Omdat belanghebbende, na ontvangst van een brief van zijn verzekeraar, geen enkel initiatief heeft ontplooid zijn polis te laten aanpassen en desondanks op basis van een niet aangepaste polis de premie in aftrek heeft gebracht, heeft belanghebbende naar het oordeel van het Hof (anders dan de rechtbank) dermate lichtvaardig gehandeld dat sprake is van grove schuld. De boete is terecht opgelegd. (hoger beroep inspecteur gegrond)
Uitspraak
GERECHTSHOF AMSTERDAM
kenmerk 07/00450 en 07/00451
12 februari 2009
uitspraak van de derde meervoudige belastingkamer
op de hoger beroepen van
de inspecteur van de Belastingdienst/P,
de inspecteur,
tegen de uitspraken in de zaken no. 07/345 en 07/346 van de rechtbank Haarlem in het geding tussen
X, te Y, belanghebbende,
en
de inspecteur.
1. Ontstaan en loop van het geding
1.1. De inspecteur heeft met dagtekening 15 juni 2006 aan belanghebbende voor het jaar 2001 een navorderingsaanslag opgelegd in de inkomstenbelasting/premie volksverzekeringen berekend naar een belastbaar inkomen uit werk en woning van € 57.253 alsmede, bij gelijktijdig genomen beschikking, een vergrijpboete van € 114.
1.2. De inspecteur heeft eveneens met dagtekening 15 juni 2006 aan belanghebbende voor het jaar 2002 een navorderingsaanslag opgelegd in de inkomstenbelasting/premie volks-verzekeringen berekend naar een belastbaar inkomen uit werk en woning van € 54.445 alsmede, bij gelijktijdig genomen beschikking, een vergrijpboete van € 114.
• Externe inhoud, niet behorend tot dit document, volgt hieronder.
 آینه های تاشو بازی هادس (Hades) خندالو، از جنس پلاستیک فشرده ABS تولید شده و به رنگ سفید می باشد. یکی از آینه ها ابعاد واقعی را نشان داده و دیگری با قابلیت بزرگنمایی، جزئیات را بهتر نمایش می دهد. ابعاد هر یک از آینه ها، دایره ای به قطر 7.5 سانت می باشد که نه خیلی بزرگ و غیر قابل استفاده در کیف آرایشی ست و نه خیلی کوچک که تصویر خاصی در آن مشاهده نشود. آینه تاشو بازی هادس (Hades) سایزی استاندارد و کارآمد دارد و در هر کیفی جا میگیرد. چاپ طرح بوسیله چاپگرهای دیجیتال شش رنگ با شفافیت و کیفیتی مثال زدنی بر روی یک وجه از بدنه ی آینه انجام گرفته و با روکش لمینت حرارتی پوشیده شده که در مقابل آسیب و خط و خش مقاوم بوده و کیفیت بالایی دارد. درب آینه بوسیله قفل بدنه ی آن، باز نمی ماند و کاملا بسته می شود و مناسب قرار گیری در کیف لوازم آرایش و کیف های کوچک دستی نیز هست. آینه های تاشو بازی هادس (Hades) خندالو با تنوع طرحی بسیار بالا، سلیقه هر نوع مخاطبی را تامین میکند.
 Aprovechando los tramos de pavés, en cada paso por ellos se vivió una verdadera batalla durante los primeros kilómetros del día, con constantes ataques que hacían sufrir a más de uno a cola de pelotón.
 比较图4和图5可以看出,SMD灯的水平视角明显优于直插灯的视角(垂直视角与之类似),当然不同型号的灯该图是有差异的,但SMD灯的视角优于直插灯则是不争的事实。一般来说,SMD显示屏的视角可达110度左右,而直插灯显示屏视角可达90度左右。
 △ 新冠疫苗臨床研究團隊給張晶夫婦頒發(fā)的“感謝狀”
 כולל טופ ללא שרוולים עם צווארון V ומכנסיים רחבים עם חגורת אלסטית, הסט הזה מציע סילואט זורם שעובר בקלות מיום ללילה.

1.3. Na gemaakt bezwaar tegen de boetebeschikkingen heeft de inspecteur bij uitspraken, gedagtekend 10 november 2006, de boetebeschikkingen gehandhaafd.
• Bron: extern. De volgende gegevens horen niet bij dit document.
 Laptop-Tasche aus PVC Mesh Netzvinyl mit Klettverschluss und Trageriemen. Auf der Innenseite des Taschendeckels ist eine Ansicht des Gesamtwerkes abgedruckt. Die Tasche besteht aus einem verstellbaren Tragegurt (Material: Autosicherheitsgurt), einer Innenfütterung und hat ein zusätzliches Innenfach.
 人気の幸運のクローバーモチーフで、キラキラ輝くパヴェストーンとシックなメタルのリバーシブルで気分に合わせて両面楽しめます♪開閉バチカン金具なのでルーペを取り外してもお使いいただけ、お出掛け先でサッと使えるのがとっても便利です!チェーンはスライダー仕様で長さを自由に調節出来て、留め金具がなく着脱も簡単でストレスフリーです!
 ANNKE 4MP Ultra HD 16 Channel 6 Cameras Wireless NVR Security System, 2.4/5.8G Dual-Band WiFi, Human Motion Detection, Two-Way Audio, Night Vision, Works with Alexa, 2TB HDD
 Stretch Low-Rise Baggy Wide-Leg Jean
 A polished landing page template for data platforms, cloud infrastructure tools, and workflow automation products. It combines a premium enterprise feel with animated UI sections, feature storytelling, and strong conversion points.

Bij uitspraken van 29 juni 2007, heeft de rechtbank Haarlem (hierna: de rechtbank) de daartegen door belanghebbende ingestelde beroepen gegrond verklaard en de boetebeschik-kingen vernietigd.
1.4. Het tegen deze uitspraken door de inspecteur ingestelde hoger beroep is bij het Hof ingekomen op 23 juli 2007, aangevuld bij brief van 15 augustus 2007. Belanghebbende heeft een verweerschrift ingediend.
1.5. Met bericht aan de griffie van het Hof zijn beide partijen niet ter zitting verschenen.
2. Overwegingen
Feiten
2.1.1. Belanghebbende heeft in 1988 bij Nationale Nederlanden een kapitaalverzekering met lijf¬renteclausule afgesloten. De betaalde premies zijn in de daaropvolgende jaren in aftrek gebracht op het belastbare inkomen.
2.1.2. In december 2000 heeft belanghebbende een brief van Nationale Nederlanden ontvangen. Hierin staat – voor zover hier van belang – vermeld:
Al met al is er thans sprake van een ingewikkeld stukje wetgeving. Helaas is de berichtgeving hier¬over in de landelijke media niet altijd juist. Zo is – geheel ten onrechte – geconcludeerd dat men maar beter de lijfrente premievrij kan maken óf de premie kan verlagen tot het niveau van de zogeheten ba¬sis¬ruim¬te (f 2.283, ).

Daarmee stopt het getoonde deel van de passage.